- Спасет, — утвердительно кивнула Лидия. — Мы возьмем самых-самых непрославленных людей. Только тогда это будет хорошо. Как ты думаешь, в мои годы фата пойдет?
- Тебе все пойдет, любимая.
- И туфли на шпильках?
- И туфли на шпильках.
...Как они незаметно пролетели, эти два часа! Когда они спустились вниз по скрипучим деревянным ступенькам, над Степновском застыло небо, усеянное крупными звездами. Из поймы Иртыша веяло слабым ветерком. Улицы были безлюдными. В черных сумерках у подъезда стояла черная «Волга». Шофер дремал за рулем, Горелов обнял Лидию и ощутил под ладонью ее похолодевшую руку.
- Какая у тебя горячая ладонь, — улыбнулась она.
- Я и сам... — самодовольно начал Алексей, но она отчужденно оборвала:
- Не говори пошлостей, ты у меня весь ясный, чистый, святой.
- Не буду, — согласился он, наклонившись, поцеловал ее локоть и засмеялся.
- Чего ты? — шепотом спросила Лидия.
- Чудно... От твоих рук опять парным молоком пахнет. Этот запах и в кабине будет мне сопутствовать.
- Ты на какое расстояние подойдешь к Луне?
- Километров на пятьдесят. А что?
- Плюнь на нее, — сказала она, стараясь казаться веселой. Но Алексей почувствовал, как нелегко далась ей эта шутка, и протянул ей в тон:
- Лидочка, ты сегодня хулиганишь. С Луной надо на «вы».

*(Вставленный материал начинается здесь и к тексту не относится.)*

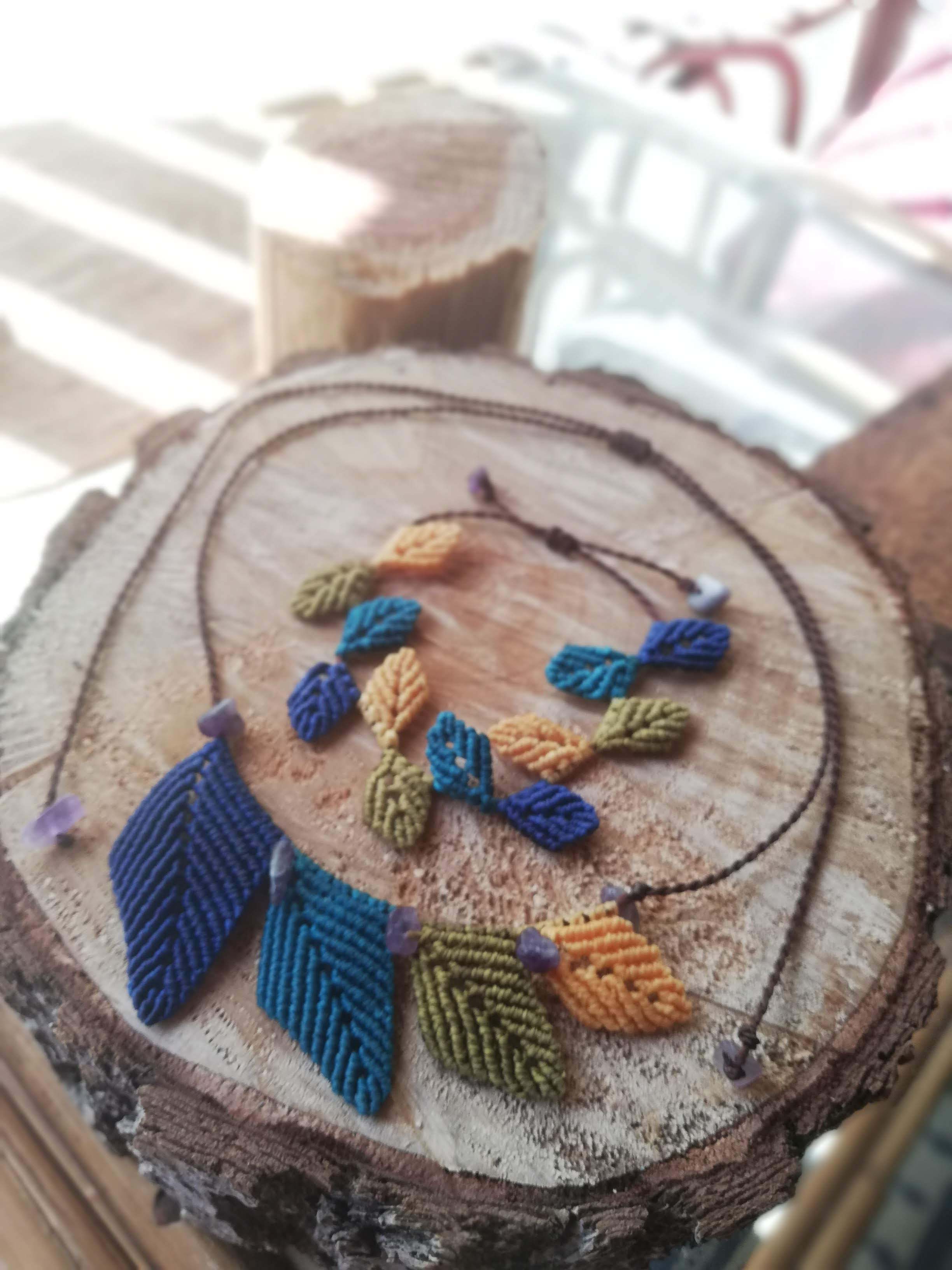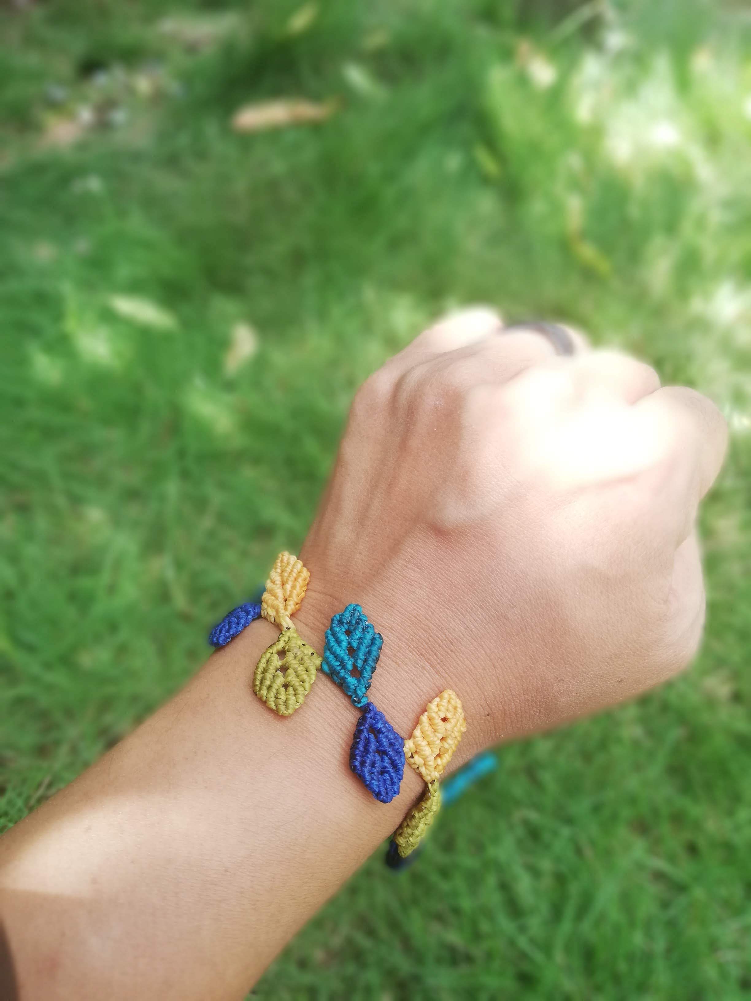 色違いの葉っぱがレーンになったマクラメ編みのブレスレット。
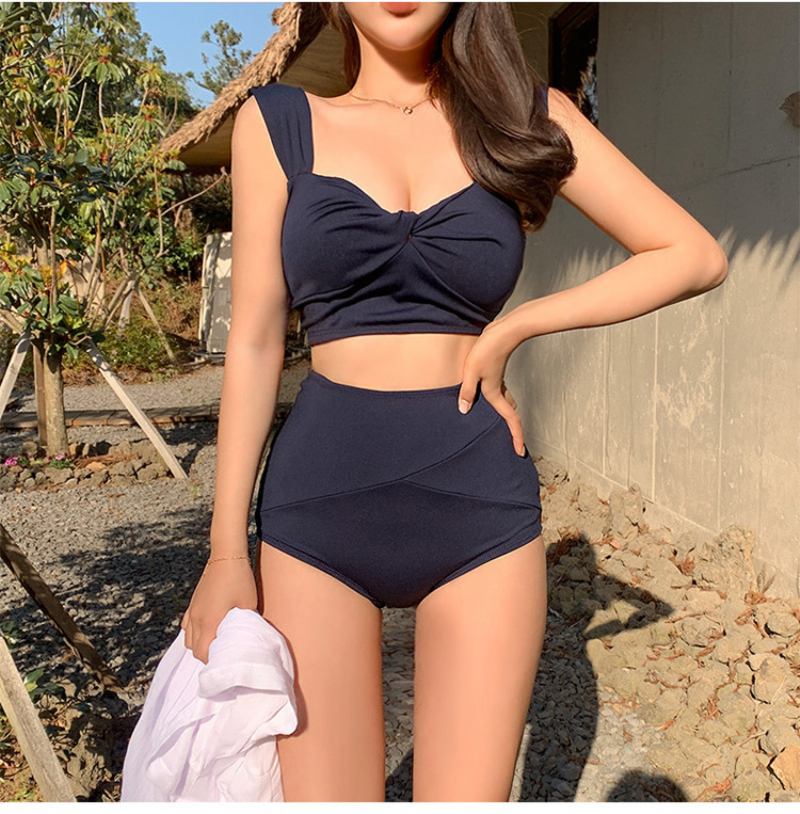 2023 Uusi Bubble Korkeavyötäröinen Yksivärinen Jaettu Kolmiouimapuku Naisille

- А ты все-таки сплюнь. И не раз, а все три. И через левое плечо обязательно. Тогда ты непременно возвратишься.
Потом они долго стояли рядом и молча смотрели в опрокинувшееся над Степновском предутреннее небо. Мысленно, с профессиональной точностью он прочерчивал в этом небе гиперболическую кривую, по которой пилотируемая им «Заря» уйдет к Луне. Женщина молчала, угадывая его мысли. Потом он поглядел на светящийся циферблат часов и вздохнул:
- Мне пора. Только ты не ходи провожать к машине. Лучше здесь попрощаемся. Ладно?
- Хорошо. Я не пойду, — послушно согласилась Лидия, и подбородок у нее задрожал. — Я не пойду, — повторила она, борясь с подступающими рыданиями.
В большом кабинете главного конструктора «Зари» было довольно прохладно. За приоткрытыми окнами бесновалась полуденная жара, но конденсационная установка работала безупречно, и столбик термометра показывал всего лишь двадцать четыре. На широком письменном столе лежал развернутый чертеж. Запотевшая от холода бутылка боржоми и два стакана стояли на фаянсовом блюде, щедро разрисованном розовыми лепестками. Тимофей Тимофеевич в широкой белой блузе сидел напротив Горелова в своем кресле, веселыми выпуклыми глазами молча наблюдал за ним.